Элли кивнула, но в глаза ей смотреть не могла.
– Мам, можно тебе сказать кое-что?
Улыбка матери погасла, она напряглась всем телом.
– Ты же знаешь, что можешь рассказать мне обо всем.
– Карин Маккензи отказалась сдавать экзамены. Она вообще в школу не ходит.
Повисла неловкая тишина. Элли кусала губу. Не надо было ничего говорить, но так трудно было держать в себе столько всего. Бывало, и что полегче выскальзывало наружу.
– У меня была подруга, – проговорила мать, – на которую напали двое мужчин, затащили в машину. Она не придумала, все было на самом деле. Ужасная жестокость, но она нашла способ изменить свою жизнь, и изменила.
– И что это значит?
– Это значит, – ответила ее мать, вставая и смахивая с брюк несуществующие пылинки, – что мы сами строим наше счастье. Мне надо поговорить с установщиками шатра. Услышишь машину – зови. Не хочу пропустить его приезд. И если тебе нечем заняться, развесь шарики.
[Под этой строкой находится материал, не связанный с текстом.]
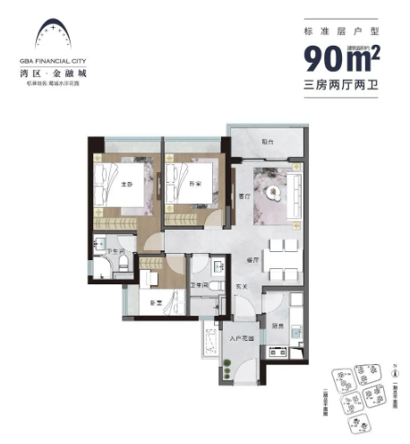 98㎡:3+1室2厅2卫,南朝向,多变空间设计,卧室全飘窗设计。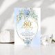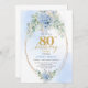 Chic Blue Floral Gold 80th Birthday Invitation
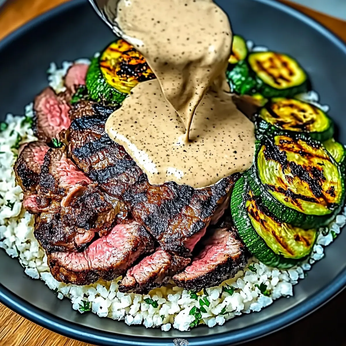 Savory Steak Bowl with Creamy Sauce & Grilled Zucchini Bliss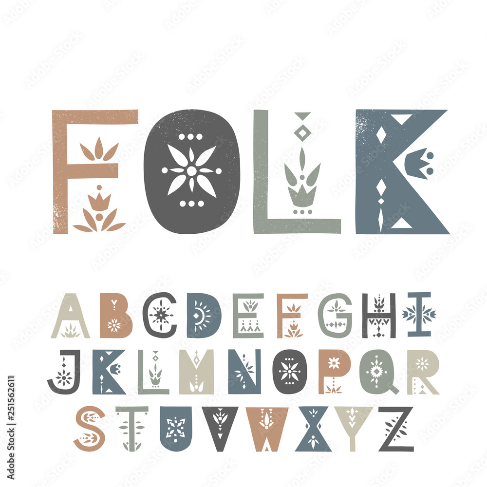Samolepka Vector display uppercase alphabet decorated with geometric folk patterns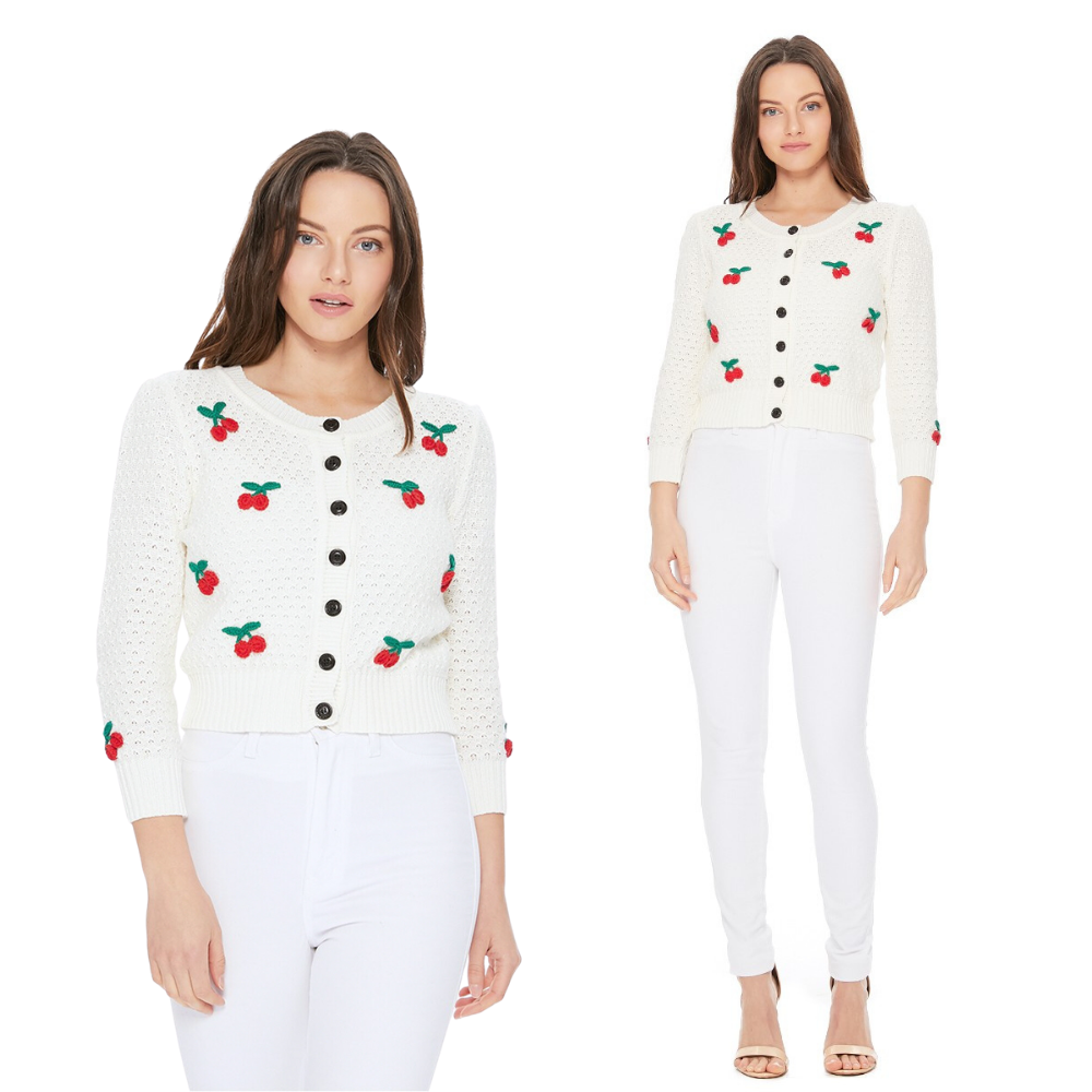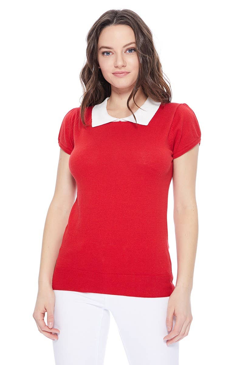 - Chandail ajusté en tricot de 23 à 24 pouces, manches courtes, bordure côtelée. - Coupe ajustée, joli col contrastant, pull doux. - Double grammage en jacquard 12 g/m², style féminin, look intemporel. - Manches bouffantes, joli motif à pois.

Иногда Элли представляла Карин Маккензи как какое-то чудовище в плаще с капюшоном и когтями. Заливаясь маниакальным смехом, чудовище затаскивало Тома в зловонную яму. Но в реальной жизни Карин была всего лишь девчонкой, высокой, худенькой, с длинными темными волосами, и жила в многоквартирном доме на другом конце города. Том ей нравился, причем, судя по всему, уже давно. В тот субботний вечер она явно пыталась привлечь его внимание: яркие красные ногти, фиолетовая помада и пылающе – оранжевая мини-юбка, плотно обтягивающая бедра. В школе Карин славилась тем, что хорошо рисовала, а в других предметах, в общем-то, и не преуспела. Но все равно глупо отказываться от экзаменов – даже пара зачетов уже могли быть пропуском в колледж, началом неплохой карьеры. Бросишь все в одиннадцатом классе, и некоторые возможности упустишь навсегда.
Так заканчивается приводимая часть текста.